### DATASET RECORDS
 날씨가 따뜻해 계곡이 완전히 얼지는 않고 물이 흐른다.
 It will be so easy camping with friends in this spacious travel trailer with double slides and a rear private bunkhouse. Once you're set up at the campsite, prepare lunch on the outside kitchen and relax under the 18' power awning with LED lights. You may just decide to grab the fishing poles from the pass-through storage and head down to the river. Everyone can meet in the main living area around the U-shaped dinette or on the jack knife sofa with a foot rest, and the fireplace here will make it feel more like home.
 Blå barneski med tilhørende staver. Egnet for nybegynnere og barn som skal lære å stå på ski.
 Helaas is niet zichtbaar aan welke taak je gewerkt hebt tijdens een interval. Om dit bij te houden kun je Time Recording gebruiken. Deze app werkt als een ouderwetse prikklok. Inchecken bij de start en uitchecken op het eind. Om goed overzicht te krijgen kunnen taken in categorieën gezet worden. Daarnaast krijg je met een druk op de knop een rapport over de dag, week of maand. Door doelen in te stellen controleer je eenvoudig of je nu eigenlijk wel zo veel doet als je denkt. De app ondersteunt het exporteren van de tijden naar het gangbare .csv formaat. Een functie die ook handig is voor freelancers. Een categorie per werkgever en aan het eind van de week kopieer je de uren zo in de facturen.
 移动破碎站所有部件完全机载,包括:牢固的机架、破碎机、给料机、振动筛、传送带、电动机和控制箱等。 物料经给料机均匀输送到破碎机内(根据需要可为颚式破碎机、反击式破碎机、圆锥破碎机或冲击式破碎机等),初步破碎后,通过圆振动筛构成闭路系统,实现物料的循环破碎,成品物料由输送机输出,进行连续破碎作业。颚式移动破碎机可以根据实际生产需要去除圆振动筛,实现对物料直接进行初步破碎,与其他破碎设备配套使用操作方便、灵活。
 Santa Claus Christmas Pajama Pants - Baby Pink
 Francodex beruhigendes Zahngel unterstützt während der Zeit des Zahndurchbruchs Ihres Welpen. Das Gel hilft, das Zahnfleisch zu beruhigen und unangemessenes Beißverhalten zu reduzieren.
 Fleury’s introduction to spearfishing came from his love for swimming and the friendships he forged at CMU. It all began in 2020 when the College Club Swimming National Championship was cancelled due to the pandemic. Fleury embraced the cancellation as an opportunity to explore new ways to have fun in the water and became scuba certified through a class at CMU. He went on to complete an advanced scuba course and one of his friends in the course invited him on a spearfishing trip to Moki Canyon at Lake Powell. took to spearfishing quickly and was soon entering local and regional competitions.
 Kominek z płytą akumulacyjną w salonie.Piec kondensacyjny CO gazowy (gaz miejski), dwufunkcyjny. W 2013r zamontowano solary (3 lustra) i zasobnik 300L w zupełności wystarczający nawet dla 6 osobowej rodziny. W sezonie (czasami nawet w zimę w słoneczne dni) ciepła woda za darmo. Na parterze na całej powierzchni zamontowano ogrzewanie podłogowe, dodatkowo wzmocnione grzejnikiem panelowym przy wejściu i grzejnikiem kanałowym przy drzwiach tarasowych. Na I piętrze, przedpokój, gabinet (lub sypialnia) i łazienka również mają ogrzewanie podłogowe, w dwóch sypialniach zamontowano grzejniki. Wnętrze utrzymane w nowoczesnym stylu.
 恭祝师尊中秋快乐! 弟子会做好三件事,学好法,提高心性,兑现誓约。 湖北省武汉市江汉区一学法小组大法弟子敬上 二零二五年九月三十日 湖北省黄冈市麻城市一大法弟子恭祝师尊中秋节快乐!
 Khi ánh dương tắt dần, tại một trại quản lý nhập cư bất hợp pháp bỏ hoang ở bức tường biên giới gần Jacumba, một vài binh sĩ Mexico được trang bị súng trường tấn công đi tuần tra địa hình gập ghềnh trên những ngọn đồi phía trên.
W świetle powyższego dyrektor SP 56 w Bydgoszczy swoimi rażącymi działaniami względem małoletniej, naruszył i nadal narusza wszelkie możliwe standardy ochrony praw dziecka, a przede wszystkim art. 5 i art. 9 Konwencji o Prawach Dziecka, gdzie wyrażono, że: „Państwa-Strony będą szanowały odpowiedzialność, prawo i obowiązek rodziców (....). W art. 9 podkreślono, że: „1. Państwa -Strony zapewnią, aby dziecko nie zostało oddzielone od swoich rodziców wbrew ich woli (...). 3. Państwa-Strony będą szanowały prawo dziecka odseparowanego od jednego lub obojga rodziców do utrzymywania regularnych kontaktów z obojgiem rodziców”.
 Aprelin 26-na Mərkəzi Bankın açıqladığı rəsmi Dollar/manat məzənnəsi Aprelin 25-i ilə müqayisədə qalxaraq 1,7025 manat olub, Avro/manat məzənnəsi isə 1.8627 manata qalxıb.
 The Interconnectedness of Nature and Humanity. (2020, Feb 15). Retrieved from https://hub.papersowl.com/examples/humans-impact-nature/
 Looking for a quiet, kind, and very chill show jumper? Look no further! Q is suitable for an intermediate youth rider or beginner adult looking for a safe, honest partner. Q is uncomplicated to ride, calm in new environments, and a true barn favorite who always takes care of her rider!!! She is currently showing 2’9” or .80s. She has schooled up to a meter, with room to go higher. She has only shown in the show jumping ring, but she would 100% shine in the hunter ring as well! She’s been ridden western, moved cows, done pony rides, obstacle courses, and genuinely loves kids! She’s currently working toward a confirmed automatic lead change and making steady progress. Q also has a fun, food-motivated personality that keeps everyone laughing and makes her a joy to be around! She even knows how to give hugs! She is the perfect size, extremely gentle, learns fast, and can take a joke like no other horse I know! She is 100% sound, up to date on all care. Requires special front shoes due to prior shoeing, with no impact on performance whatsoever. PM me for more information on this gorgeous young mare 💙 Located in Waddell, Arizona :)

### WHAT THE TASK ASKS
Go over the data above and copy every line that has the word "like" in it.

### SOLUTION FOR THIS TASK
 It will be so easy camping with friends in this spacious travel trailer with double slides and a rear private bunkhouse. Once you're set up at the campsite, prepare lunch on the outside kitchen and relax under the 18' power awning with LED lights. You may just decide to grab the fishing poles from the pass-through storage and head down to the river. Everyone can meet in the main living area around the U-shaped dinette or on the jack knife sofa with a foot rest, and the fireplace here will make it feel more like home.
 Looking for a quiet, kind, and very chill show jumper? Look no further! Q is suitable for an intermediate youth rider or beginner adult looking for a safe, honest partner. Q is uncomplicated to ride, calm in new environments, and a true barn favorite who always takes care of her rider!!! She is currently showing 2’9” or .80s. She has schooled up to a meter, with room to go higher. She has only shown in the show jumping ring, but she would 100% shine in the hunter ring as well! She’s been ridden western, moved cows, done pony rides, obstacle courses, and genuinely loves kids! She’s currently working toward a confirmed automatic lead change and making steady progress. Q also has a fun, food-motivated personality that keeps everyone laughing and makes her a joy to be around! She even knows how to give hugs! She is the perfect size, extremely gentle, learns fast, and can take a joke like no other horse I know! She is 100% sound, up to date on all care. Requires special front shoes due to prior shoeing, with no impact on performance whatsoever. PM me for more information on this gorgeous young mare 💙 Located in Waddell, Arizona :)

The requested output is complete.